De geplande service is uniek en verschilt aanzienlijk van de faciliteiten die de pers aan het front genoot tijdens de Golfoorlog. De vraag is echter hoe onafhankelijk journalisten kunnen opereren onder deze omstandigheden. Zij hebben bijvoorbeeld geen recht op eigen vervoer. Daarvoor zijn zij afhankelijk van de militaire eenheid die zij vergezellen. Tijdens militaire acties mogen zij daarover alleen berichten met toestemming van de bevelvoerende militaire commandant. Het is verder verboden toekomstige manoeuvres te melden, om de Irakezen niet voortijdig te informeren over de geallieerde plannen.
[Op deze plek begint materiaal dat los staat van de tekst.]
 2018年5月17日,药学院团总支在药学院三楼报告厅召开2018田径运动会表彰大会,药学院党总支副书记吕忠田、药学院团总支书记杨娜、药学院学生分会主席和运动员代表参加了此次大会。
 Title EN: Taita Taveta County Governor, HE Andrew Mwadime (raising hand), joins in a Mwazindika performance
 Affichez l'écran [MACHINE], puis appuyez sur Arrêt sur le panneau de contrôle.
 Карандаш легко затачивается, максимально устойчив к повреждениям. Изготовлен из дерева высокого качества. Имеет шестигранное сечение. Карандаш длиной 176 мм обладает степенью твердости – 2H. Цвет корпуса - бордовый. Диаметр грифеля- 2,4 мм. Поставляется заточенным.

„De samenwerking die het Pentagon aanbiedt, is beslist uniek”, zegt David Halberstam, die de Vietnamoorlog versloeg voor de New York Times. „Journalisten zullen in staat zijn de strijd van nabij te volgen, en dat is essentieel voor een juiste beoordeling van de ontwikkeling van het conflict. Velen herinneren zich nog de live CNN-verslagen vanuit Bagdad, maar aan het front was de samenwerking tijdens de Golfoorlog slecht. In Afghanistan was het nauwelijks beter. Maar met deze nieuwe vorm van samenwerking komt natuurlijk wel de vraag naar voren in hoeverre slechte samenwerking met het militaire apparaat gekoppeld aan behoud van de eigen onafhankelijkheid te verkiezen is boven goede samenwerking met defensie, maar met verlies van die onafhankelijkheid. In hoeverre worden wij straks ingepakt?”
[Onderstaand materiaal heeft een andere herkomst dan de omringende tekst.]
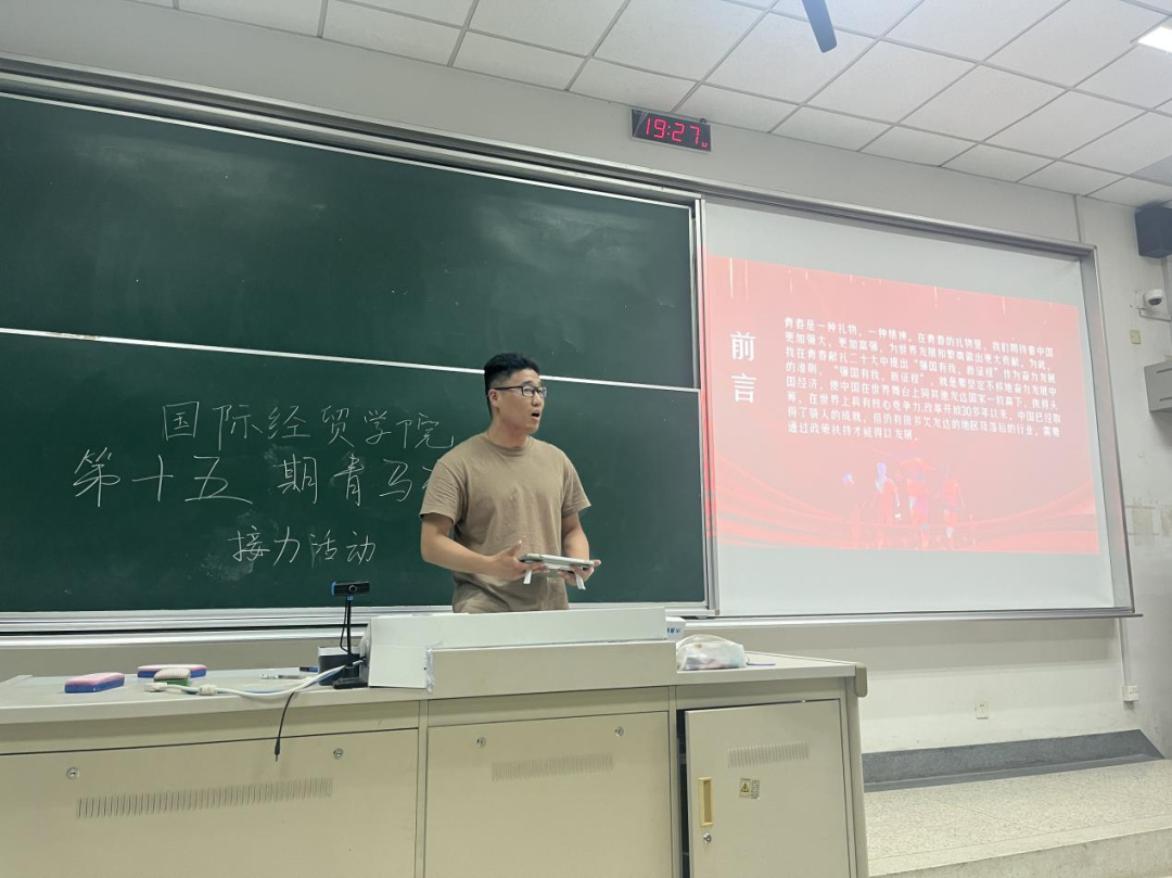 5月19日晚,我院第十五期青马班于德经楼101教室举行了党史学习教育、团课接力主题活动。各小组分别派代表进行了团课分享。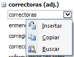 Seleccionamos de estas múltiples opciones la que más se adecue a nuestro texto. En este caso tomaremos la sugerencia de la palabra "correctoras". Nos ubicamos en esta palabra y veremos que han una flechita que indica la existencia de una ventana.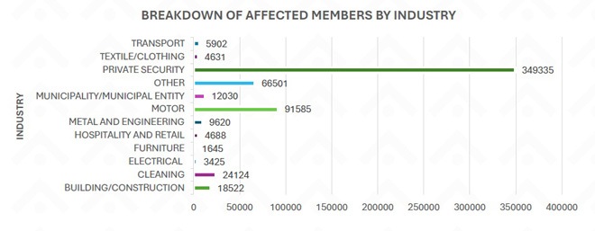 Of the 592 000 members affected by arrear contributions, 59% (349 335) are in the private security sector – mainly security officers.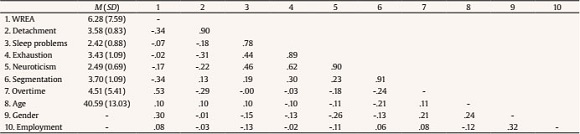 However, there are also limitations. The study design is correlational, hence no causal conclusions can be drawn, and predictor, criterion, and moderator variables were assessed in one session, so it cannot be ruled out that part of the relationships between variables is due to common method variance. While this is possible, we do not consider this explanation likely, since bivariate relationships between WREA on the one hand and sleep problems and emotional exhaustion on the other are very low. Furthermore, the association between WREA and detachment is close to the meta-analytic estimate for the relationship between work-related activities during leisure time and detachment ( Wensche & Lohmann-Haislah, 2017).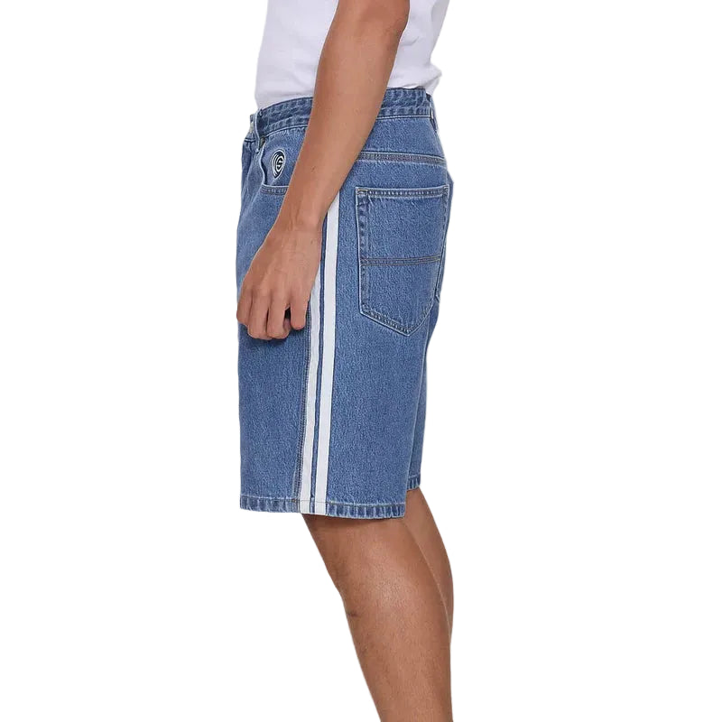- Baggy Fit Jean Short, Side Panel Stripes, Front Pocket Embroidery, Back Branded Pocket Patch

Intussen heeft het Pentagon al een informatie-offensief geopend richting Irak. Enkele weken geleden werd bekend dat men duizenden e-mails had verstuurd naar hoge Iraakse functionarissen - militairen, politici en economische topmensen. Daarin werd hun aangeraden hun banden met het regime van Saddam Hussein te verbreken. Bagdad reageerde daarop door de toegang tot internet te sluiten, uitgezonderd voor militair gebruik. Vorige week werden 8 miljoen vlugschriften boven Irak uitgestrooid. Daarin worden militairen die luchtafweereenheden bemannen gewaarschuwd dat zij hun levens op het spel zetten als zij op Amerikaanse of geallieerde vliegtuigen vuren.

Net als in Afghanistan sturen de Amerikanen ook al speciale vliegtuigen van het type EC-130E richting Irak, die radioprogramma’s uitzenden. Daarin probeert men de Iraakse bevolking duidelijk te maken dat de komende oorlog niet tegen hen gericht is, maar tegen het regime van Saddam Hussein. „Het doel van dit soort psychologische oorlogvoering is te proberen het militaire deel van het conflict zo beperkt mogelijk te houden. Als wij mensen ervan kunnen overtuigen dat zij beter niet kunnen meewerken met het regime, dan helpt dat levens sparen”, zo meent Pentagon-woordvoerder James Wilkinson.

Speciale radioberichten zijn gericht tot de militairen. „Laat Saddam Hussein het imago van Iraks militairen niet langer misbruiken. Hij gebruikt het leger om mensen te vervolgen die het niet met hem eens zijn. Doe daar niet aan mee. Neem een beslissing!”, aldus een van de Amerikaanse boodschappen tot Saddams militairen. „Wij proberen ons in te leven in de positie van Iraks militairen. Aan de ene kant dreigt hen het executiepeloton als zij Saddams bevelen niet opvolgen. Aan de andere kant riskeren zij hun leven als zij dat wel doen. Het is het beste voor hen als zij -zodra de strijd begint- hun militaire post in de steek laten en naar huis gaan”, aldus Wilkinson.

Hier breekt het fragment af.